Молодец. Готовилась к очередной нашей встрече в библиотеке, где я теперь работаю. Вот и пословицу народную кстати вспомнила.

«Ну вот, ты все руки себе пообрывала, а счастье твое где?»

Это уже не первый наш разговор, и я знаю, о чем говорю. Знаю с ее же слов.

Жизнь не баловала Наталью с детства. Мать была суровой к своим дочерям. Бог знает почему…

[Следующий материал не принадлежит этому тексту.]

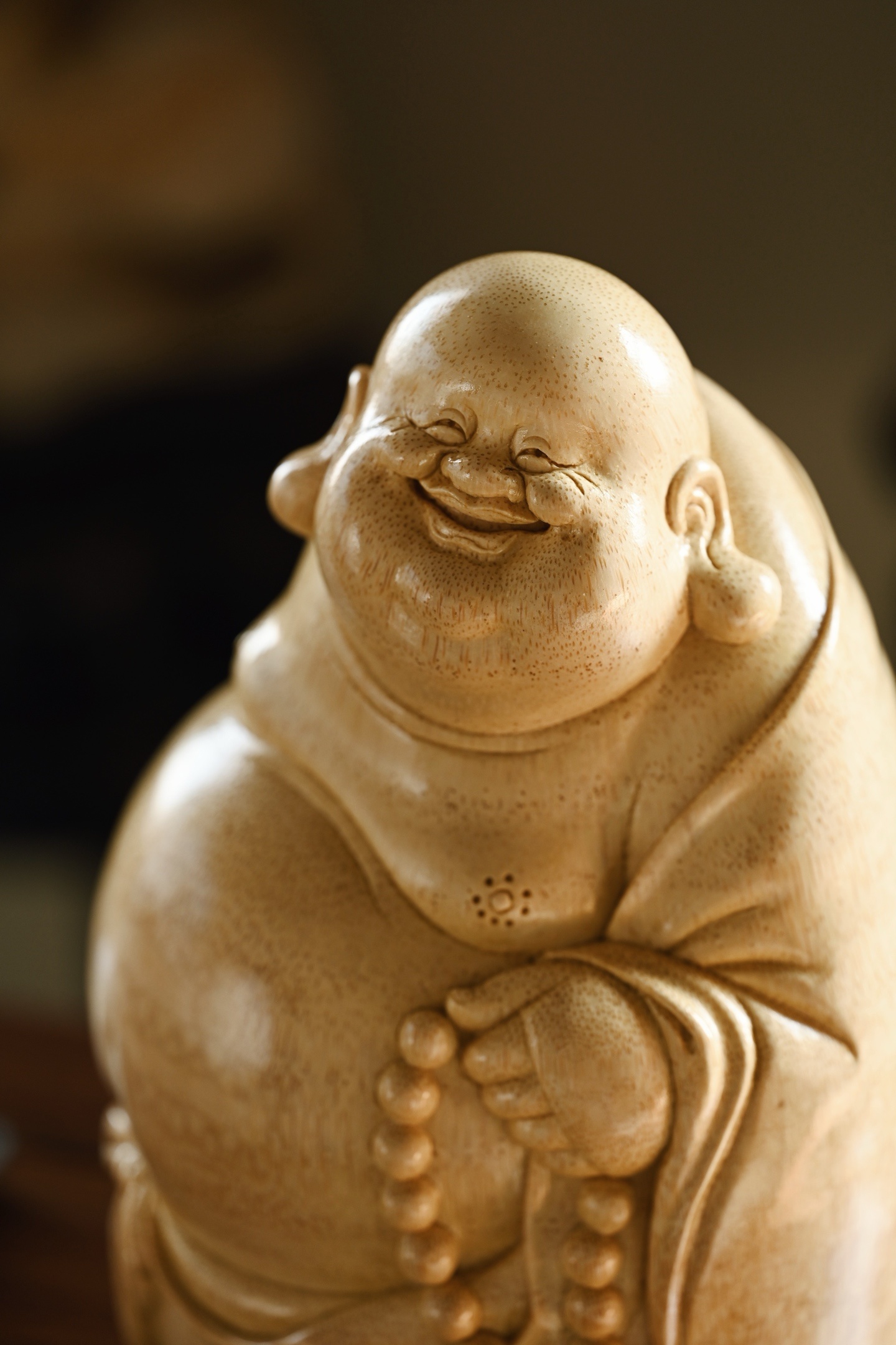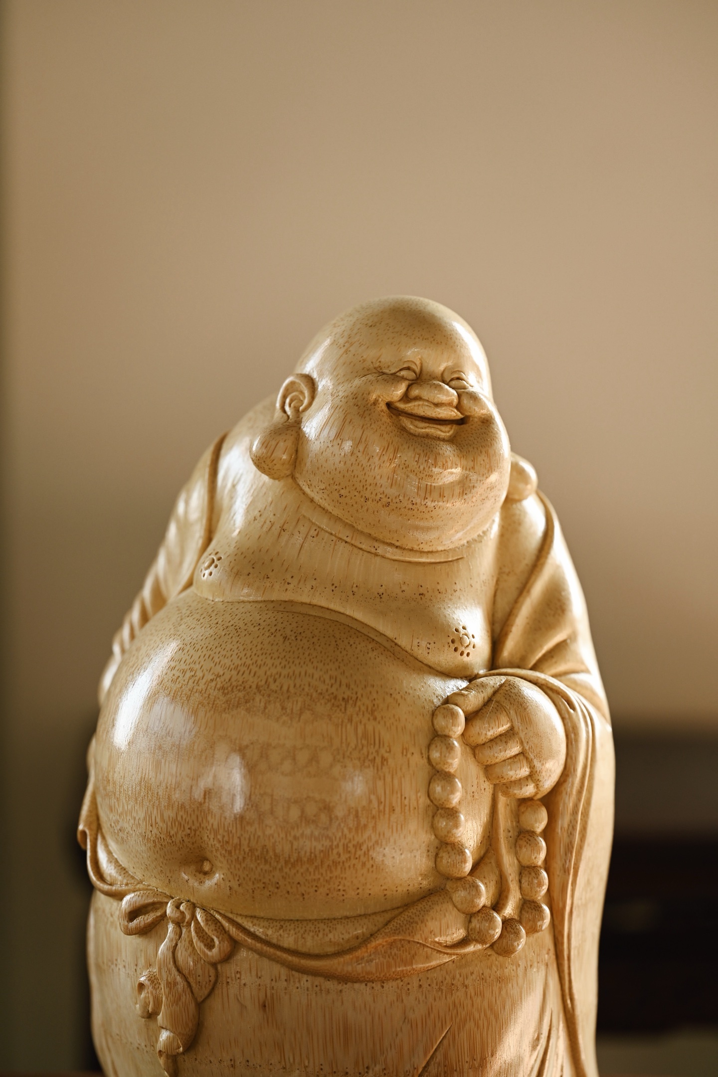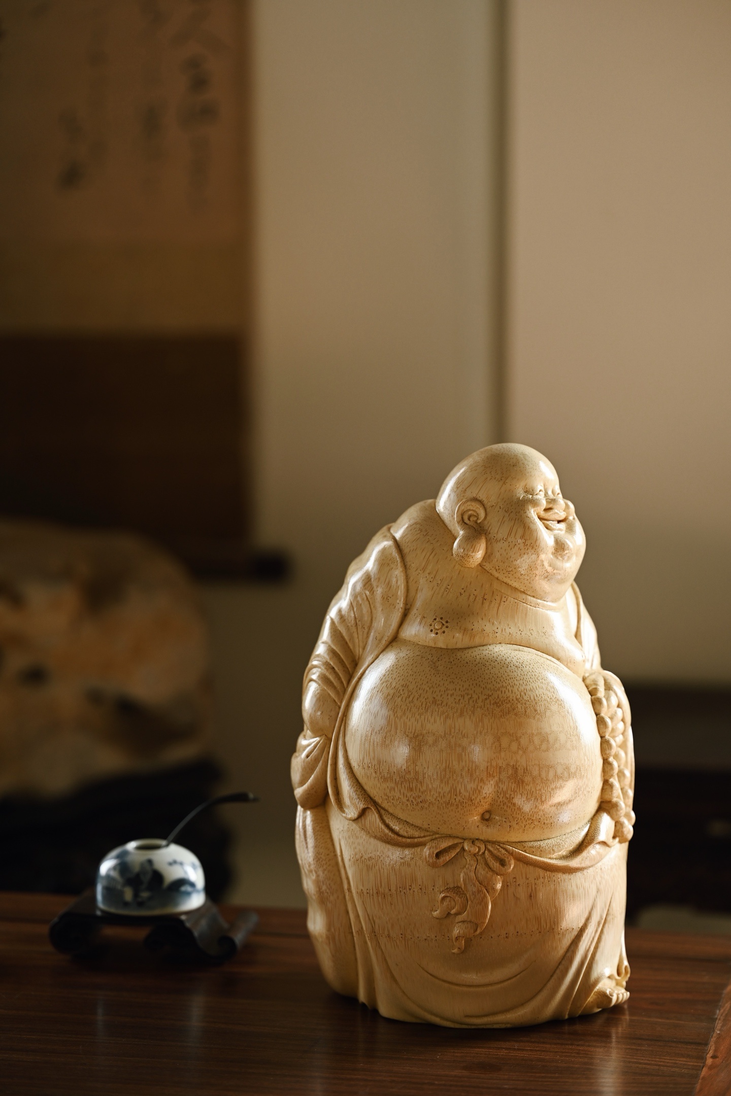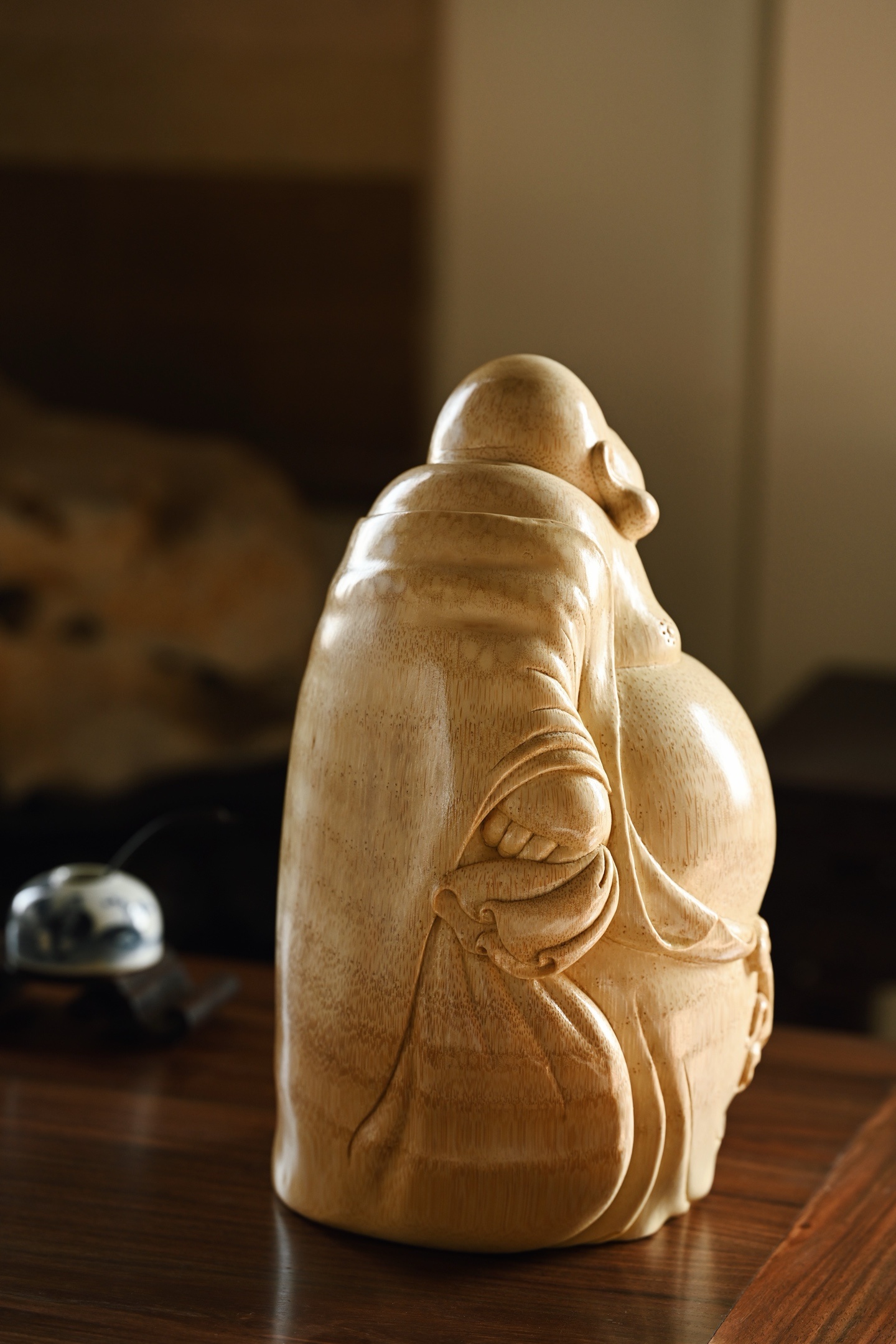 竹雕 | 弥勒佛弥勒形神相融,笑意欢喜豁达,一手持念珠,一手持布袋,既添俏皮灵动,又衬弥勒慈悲随和,憨态可掬。17.5*17*30cm 1462g

Я прочитала где-то, что все мы — жертвы жертв. Прочитала — и утешилась окончательно и в своей какой-то недолюбленности детской, во многом определившей характер, а значит и судьбу. Ведь если — рассудила я — жизнь наших матерей была такой трудной и лишенной любви и тепла — откуда взяться любви в их измученных сердцах? Откуда? Война, всевозможные лишения, голод… А наши отцы, ушибленные войной? Мой отец, например, добрейший, мягкий человек. Он прошел всю войну, не раз попадал под бомбежки на своей «полуторке», чудом остался жив. Вернулся с фронта, завел семью, детей. И… держал топор под диваном. Если кто-то чужой стучал в дверь, он напрягался и тянул руку к топору… Мама пугалась этого, трепетала за нас. А после того, как в соседнем селе контуженный фронтовик в диком каком-то припадке изрубил всю свою семью, включая детей, мама и вовсе собрала нас, всех четверых, и перебралась в город — в никуда. Работу нашла быстро — учителей не хватало. Помню, жили мы какое-то время в большом помещении школьной группы продленного дня, в хаосе буфетов, столов, лавок, стульев, вперемешку с огромными узлами — всего домашнего скарба, загромоздившего комнату. Мы хоть и чувствовали тревожность момента, но были в восторге! Мама с бабушкой искали жилье, а мы с братьями по целым дням, запертые, играли среди этого хаоса, так будившего воображение. Потом купили дом, плохонький, конечно, абы из чего собранный, но и тому были рады. Я смотрю теперь, спустя целую жизнь, на него через спутник, благо есть в Интернете такая программа. Вижу дом, деревья, посаженные еще мамой, тень от них, длинный узкий огород. Вижу большую серую крышу и вспоминаю, как мама с бабушкой латали этот наш обшитый… погоди, как же это называлось — что-то вроде паркета, выкрашенного в зеленый цвет, — домик все время, что жили в нем. Ремонтировали чисто по-женски, широко используя чулки — куда ж без них. Замешивали этак цемент, армировали его чулками и заделывали бреши в фундаменте. А что, держалось крепко.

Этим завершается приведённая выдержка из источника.